DeepMind, an artificial intelligence subsidiary of Alphabet, Google’s parent company, published, on July 28, a free, online database of the likely shapes of more than 200 million proteins known to science. This has set off a virtual carnival of biomedical research, which will transform healthcare as well as research into basic science. India must join the party.

To most people proteins are vital nutrients, sufficient quantities of which must be ingested on a daily basis, to live a healthy life. This is broadly right, but lacks nuance, like defining galauti kabab as food. Proteins are the building blocks of life. Collagen, which makes up the structure of your bodily cells, is a protein, or rather collagen is many proteins. Antibodies are proteins. Hormones and Enzymes are proteins. Proteins allow muscles to contract and move.
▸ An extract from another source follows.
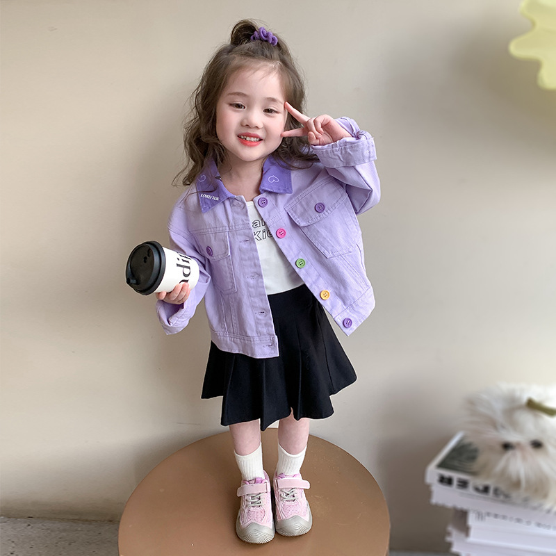 여자 데님 코트 2025 새로운 서양식 한국 컬러 버클 아기 소녀의 봄 착용 어린이 봄과 가을 재킷 탑스토어 가기

Haemoglobin is a protein whose job is to transport oxygen around the body.

Spiking the Protein Cocktail

A key function of DNA is to code specific proteins inside the cell. The Covid vaccine most Indians have taken, Covishield, is a DNA (contained in a harmless virus body), whose job is to ask our body cells to produce the spike protein of the Cornovirus causing Covid. This, in turn, triggers the production of another set of proteins, the antibodies that would attack and destroy the alien presence in the body.

DNA produces a messenger RNA to instruct the cell to produce the protein in question. The Pfizer and Moderna vaccines comprise the messenger RNA that carries the transcription command to produce the spike protein. mRNA is far less stable than DNA and that is why these vaccines require storage at ultra-low temperatures.

DeepMind’s protein database has already been used to identify a protein that would interfere with the biology of the Malaria parasite, and a Malaria vaccine with 70% efficacy has been rolled out.

DeepMind is the British company that produced the AI that beat the world champion in Go, an intricate board game popular in Korea and China. This was considered a far bigger computing accomplishment than the defeat of the then world chess champion Garry Kasparov at the hands (in a manner of speaking) of IBM’s super computer Deep Blue. Mastery of Go demonstrated the power of machine learning, in which the computer teaches itself new things from the data it accesses.

DeepMind developed AlphaFold, an AI that forecasts the likely shapes of proteins. It is not enough to know which amino acids go into the making of a particular protein. How these string together in what sequence to form what shape is vital to know how the protein would work.

So far, scientists have been using X-Ray crystallography to find out the shape of proteins. This is expensive and time-consuming. Of course, AlphaFold’s forecasts would need to be confirmed the old-fashioned way, but the time taken to confirm a hypothesis, already given to you, is far less than what is spent on forming alternate hypotheses and painstakingly ruling out the false ones.

The shapes of proteins will help decipher how a parasite works or how some pathogen produces disease inside the human body. That will guide production of proteins that would counter the harmful effect.

The Winning Alpha

Alphabet has not tried to create any intellectual property right over its protein shape forecasts. It has, in collaboration with the European Molecular Biology Laboratory’s European Bioinformatics Institute (EMBL-EBI), created a free, searchable database that anyone can access.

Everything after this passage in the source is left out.